How to Fine-Tune a FLUX Model in under an hour with AI Toolkit and a DigitalOcean H100 GPU

Share post:

FLUX has been taking the internet by storm this past month, and for good reason. Their claims of superiority to models like DALLE 3, Ideogram, and Stable Diffusion 3 have proven well founded. With capability to use the models being added to more and more popular Image Generation tools like Stable Diffusion Web UI Forge and ComyUI, this expansion into the Stable Diffusion space will only continue.

Since the model’s release, we have also seen a number of important advancements to the user workflow. These notably include the release of the first LoRA (Low Rank Adaptation models) and ControlNet models to improve guidance. These allow users to impart a certain amount of direction towards the text guidance and object placement respectively.

In this article, we are going to look at one of the first methodologies for training our own LoRA on custom data from AI Toolkit. From Jared Burkett, this repo offers us the best new way to quickly fine-tune either FLUX schnell or dev in quick succession. Follow along to see all the steps required to train your own LoRA with FLUX.

Bring this project to life

Setting up the H100

How to create a new machine on the Paperspace Console

To get started, we recommend a powerful GPU or Multi-GPU set up on DigitalOcean by Paperspace. Spin up a new H100 or multi-way A100/H100 Machine by clicking on the Gradient/Core button in the top left of the Paperspace console, and switching into Core. From there, we click the create machine button on the far right.

Be sure when creating our new machine to select the right GPU and template, namely ML-In-A-Box, which comes pre-installed with most of the packages we will be using. We also should select a machine with sufficiently large storage (greater than 250 GB), so that we won’t run into potential memory issues after training the models.

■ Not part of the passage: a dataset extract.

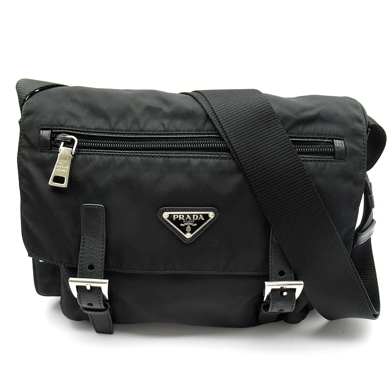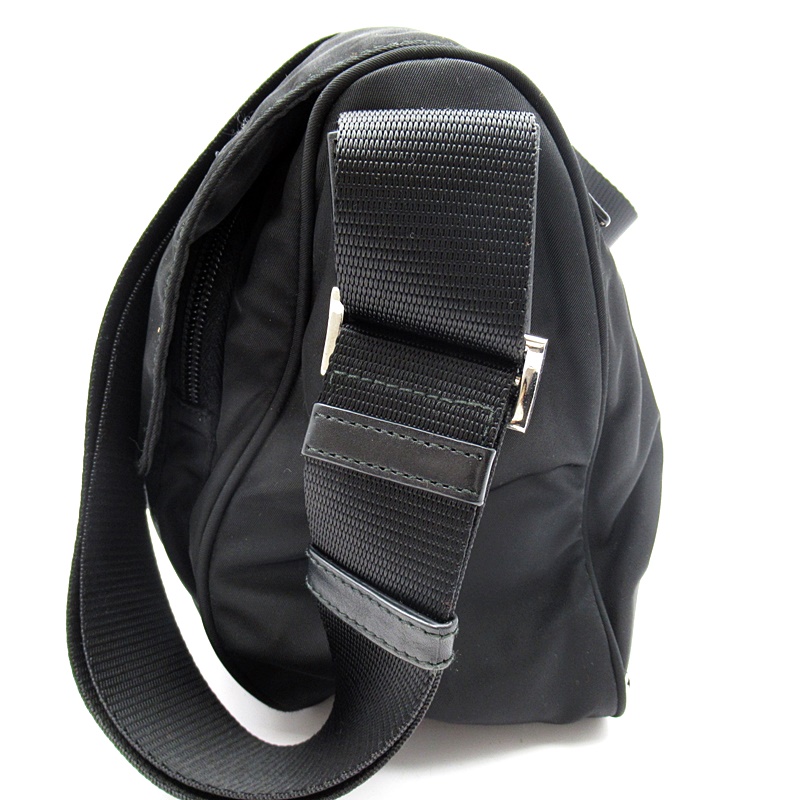 USED品。ナイロン素材のカジュアル感を保ちつつ、スクエアフォルムでカッチリとした印象を与えるショルダーバッグです。

Once that’s complete, spin up your machine, and then either access your machine from the Desktop stream in your browser or SSH in from your local machine.

Data Preparation

Now that we are all setup, we can begin loading in all of our data for the training. To select your data for training, choose a subject that is distinctive in camera or images that we can easily obtain. This can either be a style or specific type of object/subject/person.

For example, we chose to train on the author of this article’s face. To achieve this, we took about 30 selfies at different angles and distances using a high quality camera. These images were then cropped square, and renamed to fit the format needed for naming. We then used Florence-2 to automatically caption each of the images, and save those captions in their own text files corresponding to the images.

The data must be stored in its own directory in the following format:

---|
  Your Image Directory
   |
------- img1.png
------- img1.txt
------- img2.png
------- img2.txt
...

The images and text files must follow the same naming convention

To achieve all this, we recommend adapting the following snippet to run automatic labeling. Run the following code snippet (or label.py in the GitHub repo) on your folder of images.

!pip install -U oyaml transformers einops albumentations python-dotenv

import requests
import torch
from PIL import Image
from transformers import AutoProcessor, AutoModelForCausalLM 
import os

device = "cuda:0" if torch.cuda.is_available() else "cpu"
torch_dtype = torch.float16 if torch.cuda.is_available() else torch.float32



model_id = 'microsoft/Florence-2-large'
model = AutoModelForCausalLM.from_pretrained(model_id, trust_remote_code=True, torch_dtype="auto").eval().cuda()
processor = AutoProcessor.from_pretrained(model_id, trust_remote_code=True)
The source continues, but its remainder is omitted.